Several US lawmakers on Thursday expressed concern over China’s redoubled efforts to isolate Taiwan and the US government’s indecision on arms sales to Taiwan.
In a hearing on Taiwan-US ties, the US House of Representatives’ Committee on Foreign Affairs Chairman Ed Royce said it is more important than ever to reassure Taipei of Washington’s commitment to the relationship, at a time when Taiwan is facing new challenges as a result of changes in cross-strait and global dynamics.
Royce cited as examples Panama’s decision to break off decades of diplomatic relations with Taiwan because of inducements from Beijing, and Taiwan’s exclusion from this year’s World Health Assembly due to Chinese obstruction.
Delays by successive US administrations on arms sales notifications for Taiwan “have needlessly dragged out the arms sales process,” he said.
“I hope to see regular notifications in the future and look forward to the announcement of new sales this year,” Royce said.
The administration of former US president Barack Obama reportedly planned to approve an arms sales package worth more than US$1 billion to Taiwan late last year, but did not do so.
Contrary to expectations that the administration of US President Donald Trump would move the package forward quickly, the deal has been delayed to avoid angering China, as Washington is seeking Beijing’s help in dealing with North Korea, US media reports have said.
At Thursday’s hearing, US Representative Brad Sherman said that although maintaining ties with China is important to the US and it needs Beijing’s help to solve certain problems, Taiwan should not become a bargaining chip in US-China relations.
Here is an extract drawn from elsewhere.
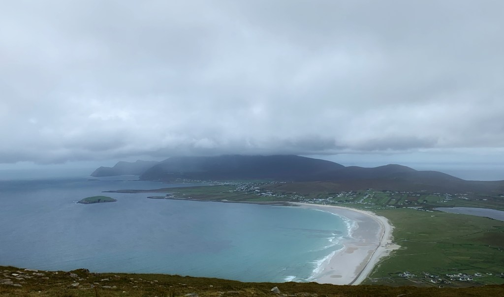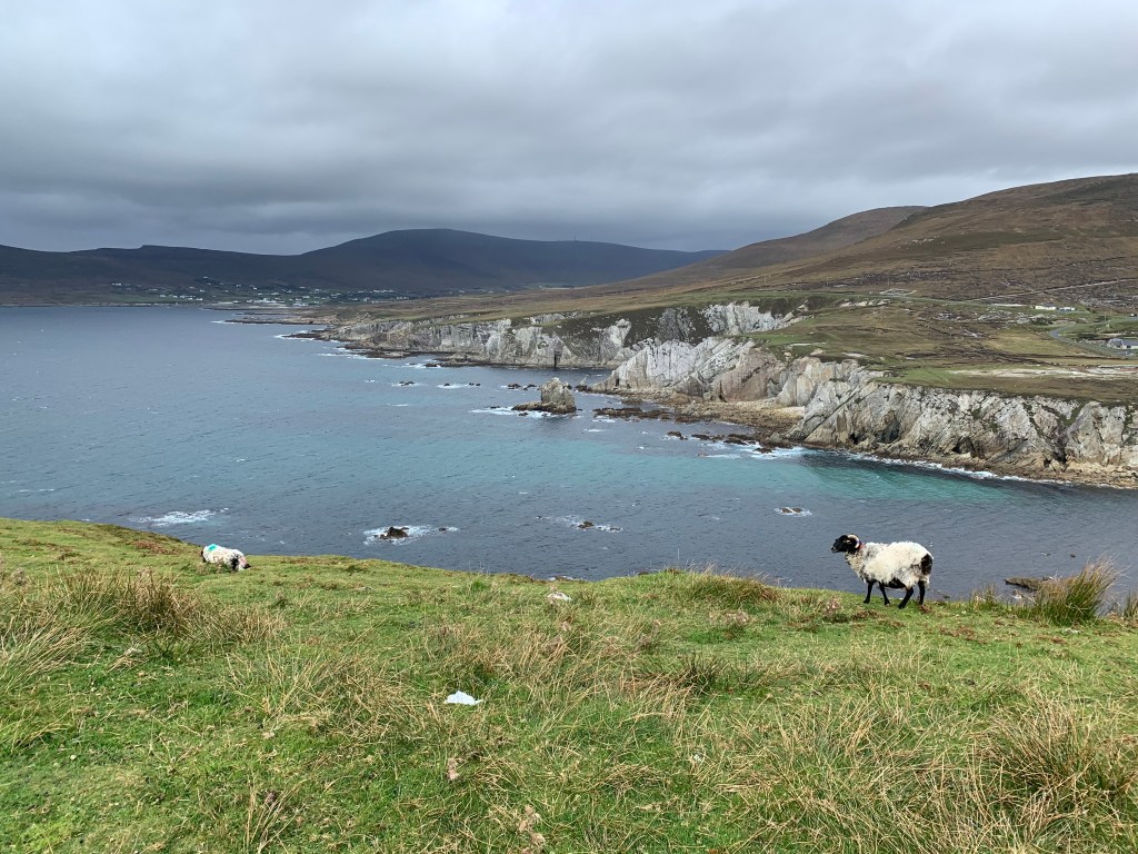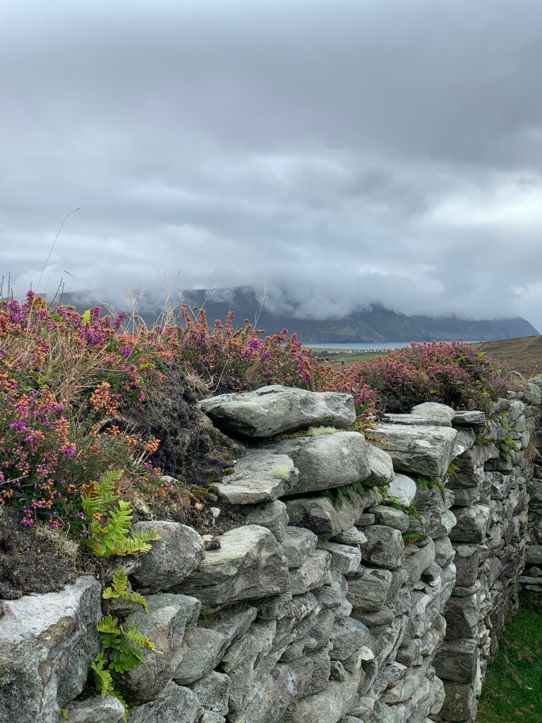 After we’ve finished at The Deserted Village, we head to our next destination, the top of Minaun, another viewing point. We drive up a mountainside. It gets progressively windier as we near the top. As we get out to wander around a bit, I’m glad we made the choice not to hike up to the highest sea cliffs at Keem. I believe there is quite a steep drop off and nothing to keep you from falling if the wind decides to be gusty. This mountain has a gentler slope. The wind is strong enough to feel like it would be good not to get too close to the edge of anything.  We can see the bay and figure we can pinpoint the general area of our Airbnb from there.

US Representative Ted Yoho, chairman of the Subcommittee on Asia and the Pacific, said that since 2008, arms sales have been delayed so that they can be bundled together and their timing can be manipulated.
The US has not completed an arms sale to Taiwan since 2015, despite China’s increasing global military ambitions, Yoho said.
“The arms sales process has become a political calculation designed to minimize friction with the PRC,” he said, referring to the People’s Republic of China.
“Not only does this concede to Beijing a degree of influence over our arms sales process, it seems to contravene [former US] president [Ronald] Reagan’s assurance that the PRC would not be consulted on arms sales to Taiwan,” he said.
Saying that the geopolitical reality that held when the US established its “one China” policy has changed, Yoho proposed that Washington sign a fourth communique with Beijing to spell out clearly what the US would do to contain China’s clout.
American Enterprise Institute Asian Studies director Dan Blumenthal disagreed on the need for a fourth communique.
He said that China should abide by the three existing communiques and that the US has its own “one China” policy to implement.
He urged the Trump administration to include Taiwan in its Asia-Pacific strategy, particularly on the South China Sea issue.
On the question of whether Taiwan will be able to acquire F-35 jets from the US, Blumenthal said a key issue is whether Taiwan can afford the aircraft’s exorbitant costs, adding that many other options are available for US-Taiwan security cooperation.